* [Dataset section]:
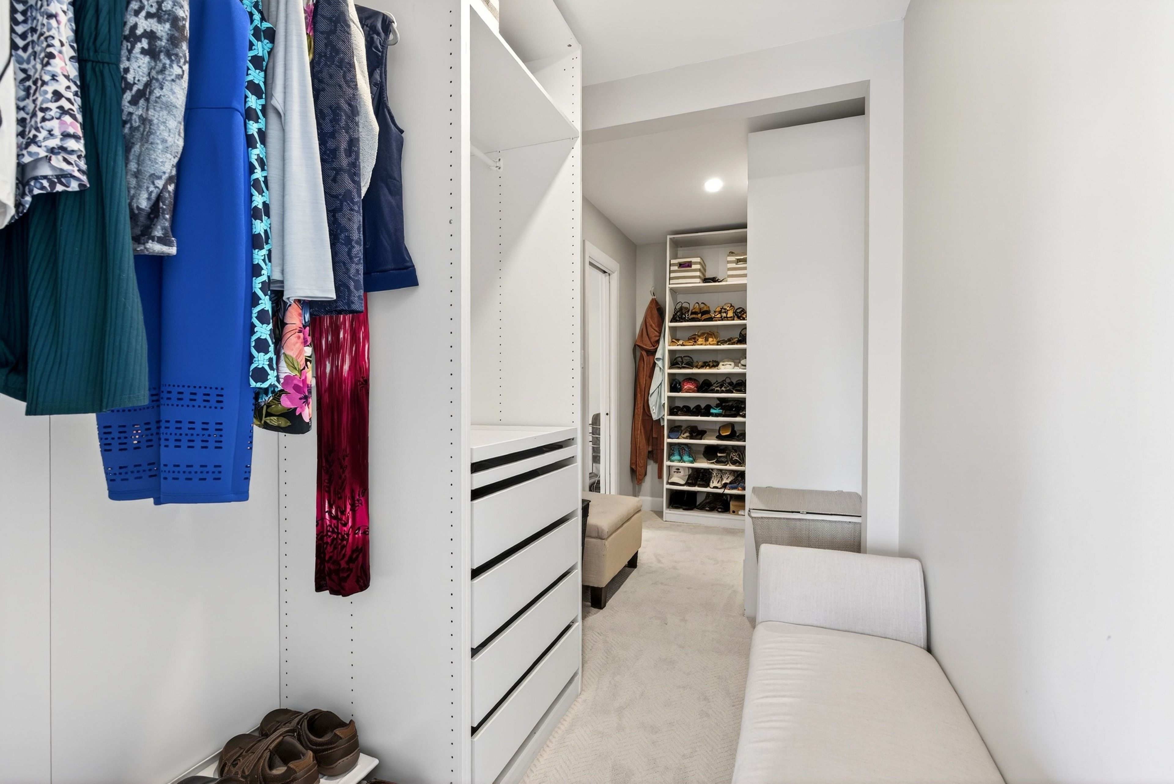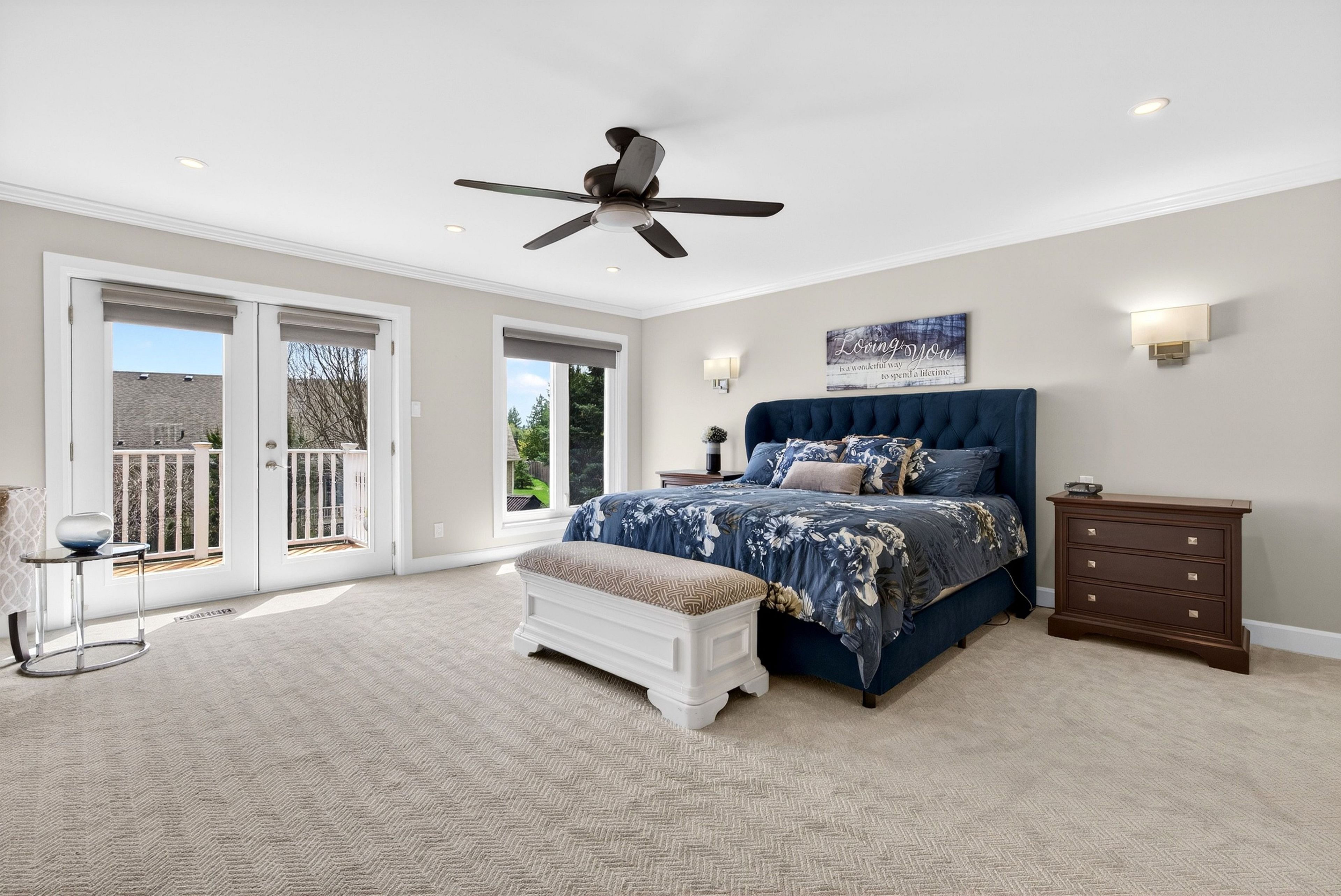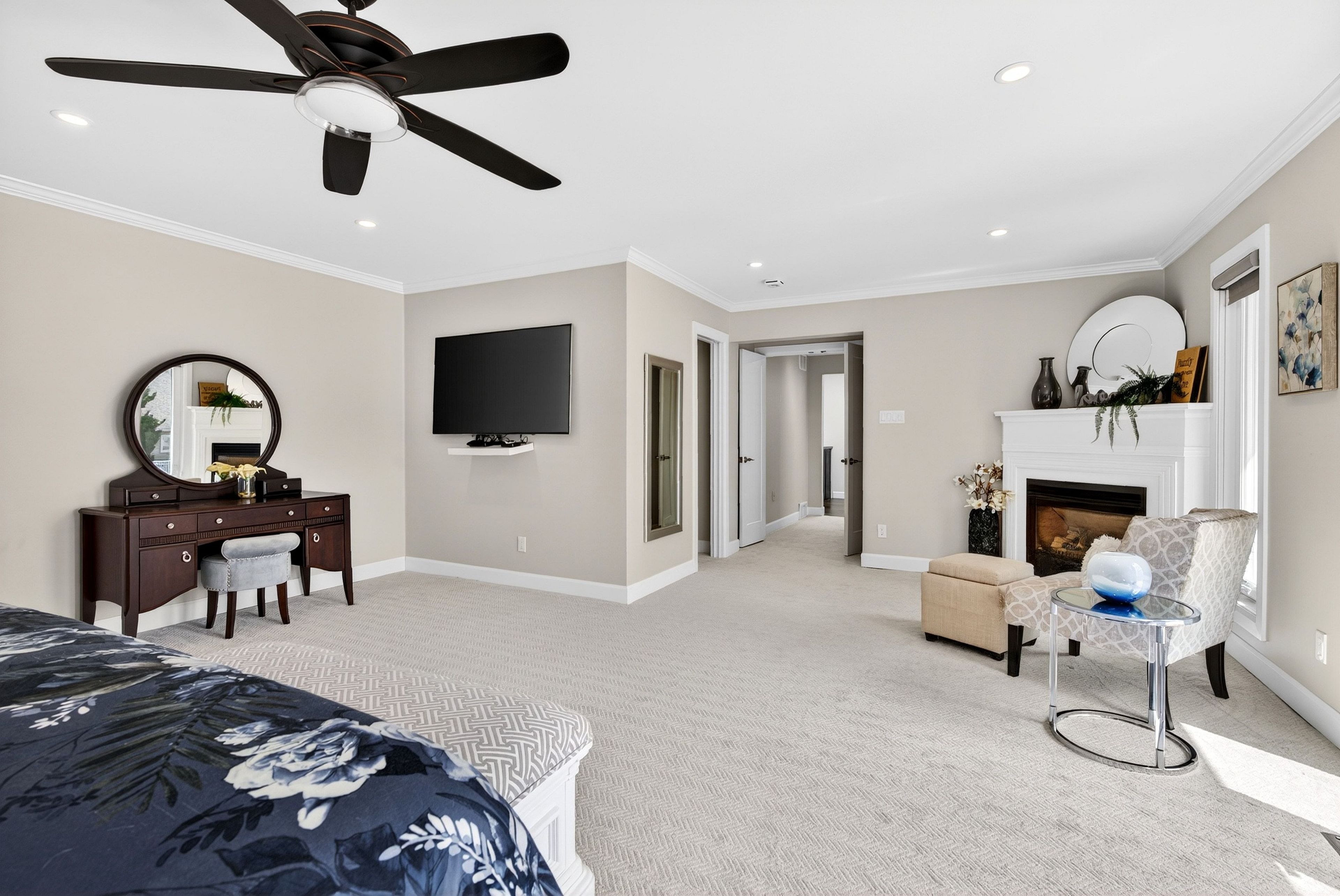 • Spacious primary retreat with gas fireplace and private balcony overlooking the yard.
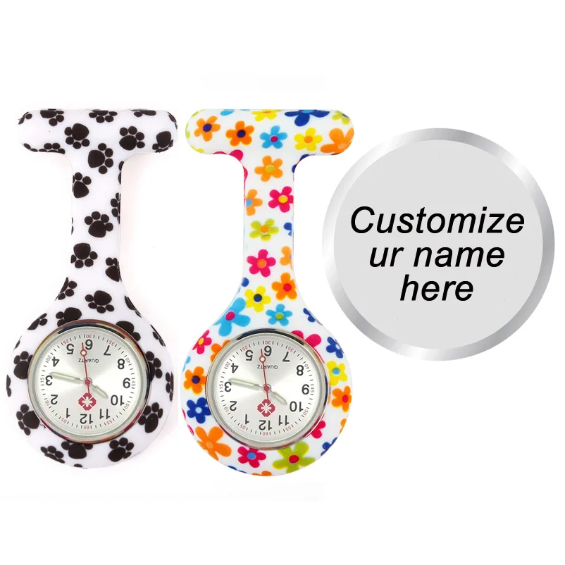 Relojes de bolsillo y colgantesTasa de descuento Broche personalizado grabado con tu nombre, Pin Count 15, medidor de pulso, Dial Fob, pata de perro, reloj de silicona para enfermera jaOARry9
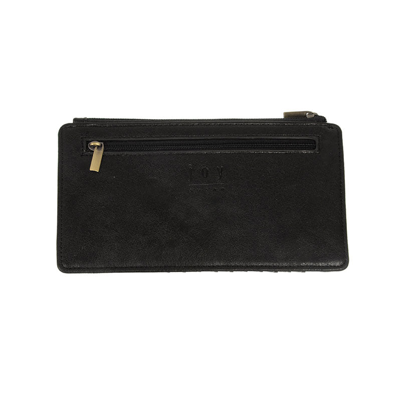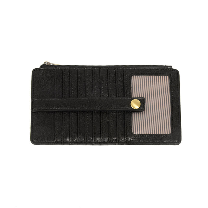 - This slim and sleek card wallet has 9 credit card pockets, an ID window, zippered change pocket and zippered billfold pocket all in casual distressed Vegan Leather.
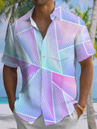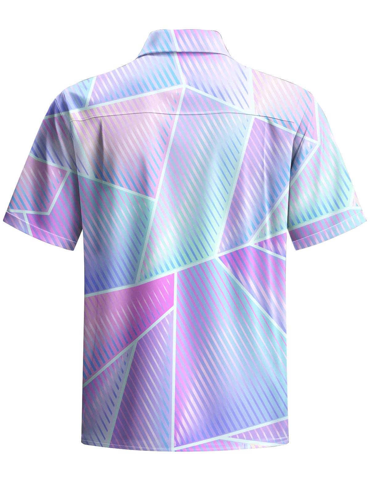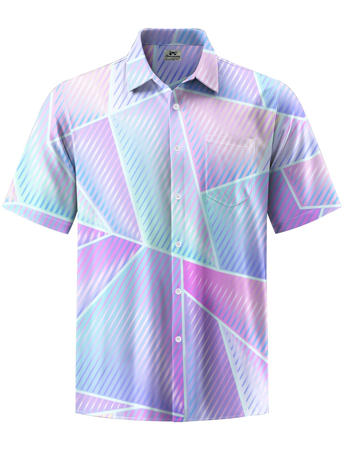 Alohadaddy® Hawaiian Geometric Stripe Art Print with Chest Pocket for Men's Stretch Short Sleeve Shirt Big & Tall

* [Task to complete]:
Write out again, exactly, only the lines from the beginning of the material above to the line that holds "Relojes de bolsillo", both ends included, and no pictures.

* [Answer to the problem]:
 • Spacious primary retreat with gas fireplace and private balcony overlooking the yard.
 Relojes de bolsillo y colgantesTasa de descuento Broche personalizado grabado con tu nombre, Pin Count 15, medidor de pulso, Dial Fob, pata de perro, reloj de silicona para enfermera jaOARry9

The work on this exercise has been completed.